Pixies rocked The Peabody Opera House on Saturday night for nearly two hours with no breaks and no small talk. In fact, there was no talking at all as they played an impressive thirty-five songs ranging through their six studio albums, their first mini LP from 1986, and even a Neil Young cover from a long-ago recorded B-side. Without a moment’s rest they played from one song right into the next with fervor, intensity and unyielding stamina to the very end.
Three of the four original members are still with the band, including lead vocalist Black Francis, guitarist Joey Santiago and drummer David Lovering. Bassist/vocalist Kim Deal left the group in 2013 and was replaced by Paz Lenchantin, formerly of A Perfect Circle, Zwan and Queens of the Stone Age. Her eerie backup vocals are a huge part of the band’s iconic sound and was consistent with Deal’s vocals that fans are familiar with from the first four albums. During the encore Lenchantin showcased her vocals on “All I Think About Now,” where she alone sang and Francis relinquished the spotlight momentarily.
Almost every track from their biggest record, Doolittle, was played including hits like “Here Comes Your Man”, “Hey” and crowd favorite, “Debaser,” in which the crowd screamed along to the chorus, “An Chien Analusia!”, lyrics that reference a short film from 1929. During “Monkey Gone to Heaven” the audience raised their hands above their heads and signaled the corresponding fingers, “If man if five, then the devil is six.

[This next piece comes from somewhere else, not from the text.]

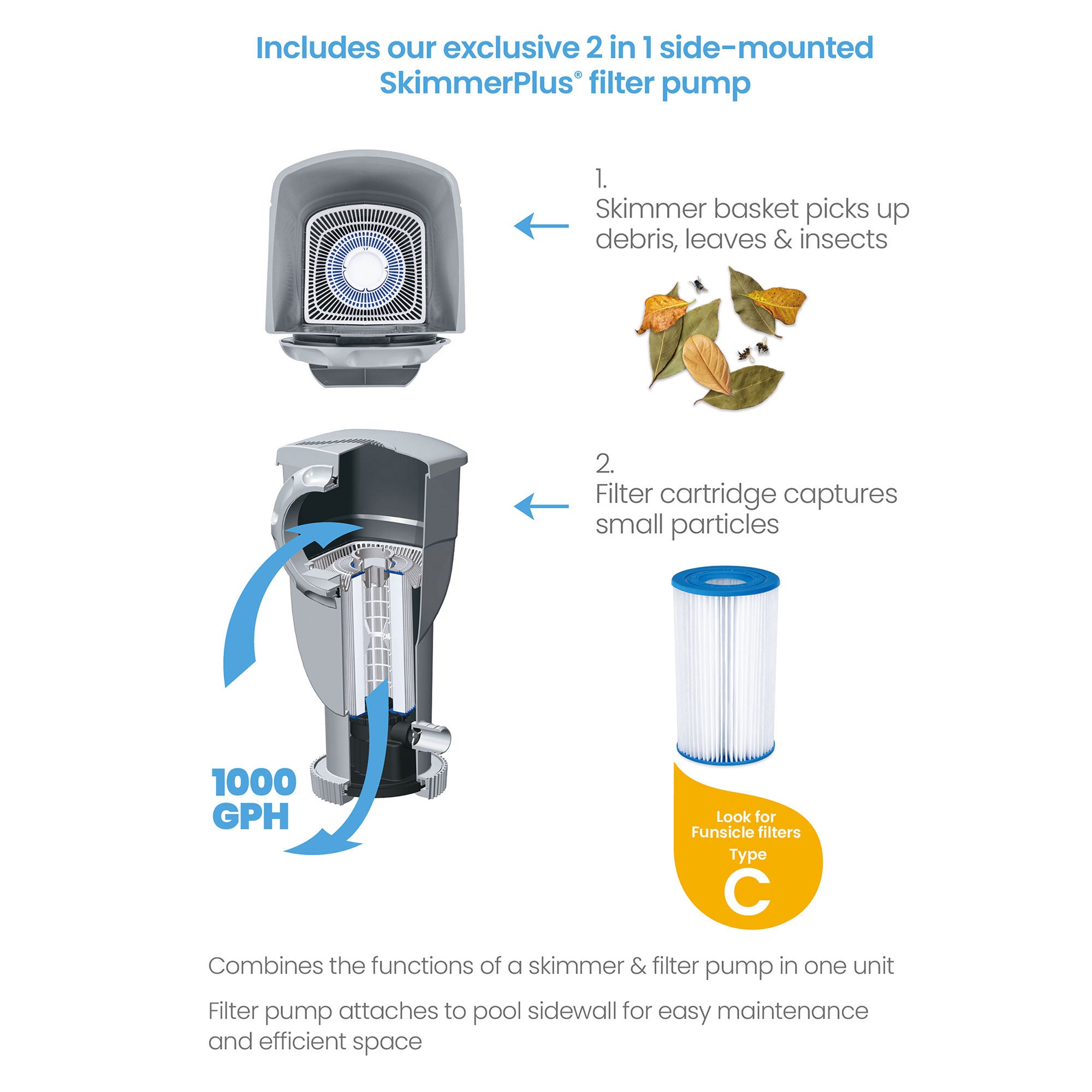 • Includes a 110 to 120-volt SkimmerPlus SKX1000 filter pump with GFCI and type C filter cartridge for easy maintenance, SureStep ladder for a safe entry and exit, a protective pool cover, ground cloth, and a Deluxe Maintenance kit

If the devil is six, then God is seven.” Towards the end of the set, after playing it a few songs before, was a reprise of “Wave of Mutilation,” which was an unexpected and enjoyable surprise.
Pixies are known for their contrasting and alternating dynamics. At one moment the tone is sweet and light with Black Francis practically whispering into the mic. The very next beat is an intense shriek or a squeal from Santiago’s guitar. Francis has been known to say that they can only play two ways, loud or quiet, no in-between. I found that the construction of the set list also followed a similar formula building tension with several energetic punk-rock songs like “Broken Face” followed by a softer tracks like “Silver Snail” and “Havalina,” as to always keep the crowd on their toes.
With the no-nonsense feeling of the show I wasn’t sure that there would be an encore. The band came forward without their instruments and waved to the crowd, then alternated sides, repeated the gesture and bowed as a group while locking arms. Then they looked at each other in a funny way as if they were questioning, “Should we do an encore tonight?” It was an obviously fake little exchange considering their guitars were being set up, but I enjoyed it. I recognize that some of the meaningfulness of an encore is taken away when it becomes tradition, but I still walk away feeling a little cheated when it doesn’t happen.